Гнусное, противное, режущее уши гудение раздавалось всякий раз, когда открывалась ЗНАЧИМАЯ дверь. То есть дверь, нормальное положение которой – закрытое. То есть дверь, способная вывести на свободу…
Вожделенная дверь.
Гудение.
Раньше в гудении всегда слышалась надежда, а сейчас оно означало для Газона исполнившуюся мечту.
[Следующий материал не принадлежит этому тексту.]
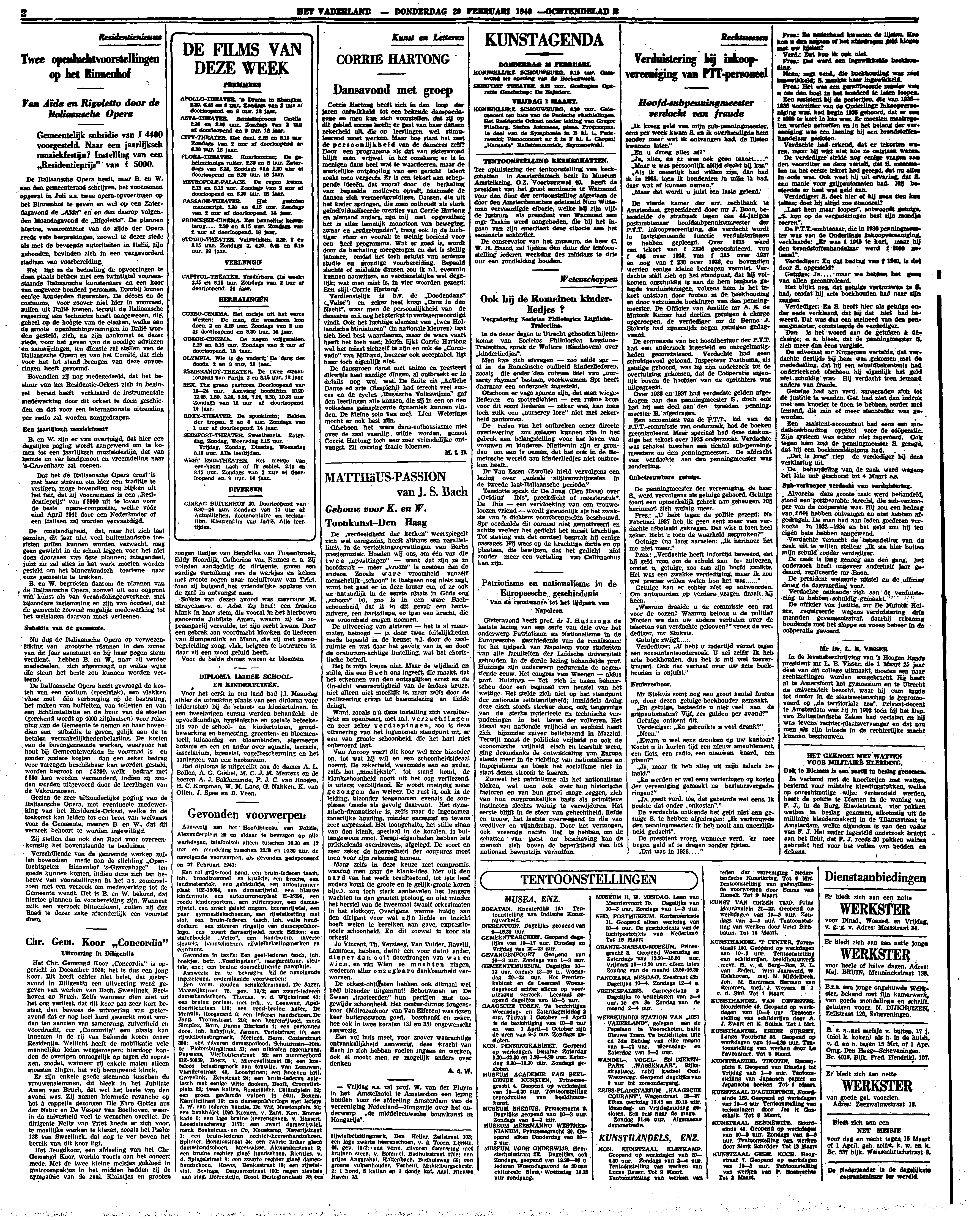 Verdienstelijk is b.v. de ‘Doodendans’ (‘Valse’) en zeker heel knap ‘Dans in den Nacht’, waar men de persoonlijkheid van de danseres m.i. nog het sterkst in vertegenwoordigd vindt. Ook het luchtige element van ‘twee Hollandsche Miniaturen’ (in nationale kleuren) laat zich heel best waardeeren, maar de ware vaart heeft het toch niet; hierin lijkt Corrie Hartong wel het minst zichzelf te zijn en ook de ‘Corcovado’ van Milhaud, hoezeer ook acceptabel, ligt haar toch eigenlijk niet.

Надежда обернулась обыденной и немного нудной бюрократической процедурой освобождения.
– Сигизмунд Феоклистович Левый…
– Гражданин начальник, мы ведь уговаривались – Газон, – умильно улыбнулся уголовник.
– Не сейчас, – отмахнулся полицейский. – Сейчас по протоколу.
– Как скажете.
– Сигизмунд Феоклистович Левый?
– Совершенно верно.
– Согласно постановлению… – Офицер зевнул, огляделся и, убедившись, что кроме них в комнате никого нет, о протоколе забыл. – В общем так, Газон, с этого момента ты свободен, как ветер, и считаешься искупившим данное преступление.
– В котором невиновен был с самого начала.
– Распишись за шмотки.
– Это мы завсегда с удовольствием. – Сигизмунд чиркнул завитушку, схватил коробку с вещами, вытащил из неё красную бандану, сорвал с лысой головы и бросил под ноги ту, что украшала его до сих пор, и блаженно ощерился: – Настоящая!
– Чистая? – с иронией осведомился полицейский, которого слегка засвербило от вони из коробки с вещами.
– Домом пахнет.
– А-а…
– Вы её не стирали?
– Побоялись хозяйственный блок отравить.
– Это хорошо…
В недавнем прошлом заключённый, а теперь – свободный гражданин Левый выглядел весьма живописно, даже будучи облачённым в серую арестантскую робу и грязную майку.
Невысокий, но подвижный и необычайно жилистый, крепкий, с довольно длинными руками, Газон походил на бритую наголо обезьяну, поскольку не только на голове, но и на всём его теле – на видимых, во всяком случае, частях – не наблюдалось ни единого волоса. Зато в глазах рябило от разнообразных татуировок: символы, руны, узоры, надписи на непонятных языках, драконы и другие чудовища настолько плотно облепляли кожу господина Левого, что он казался одетым даже без майки.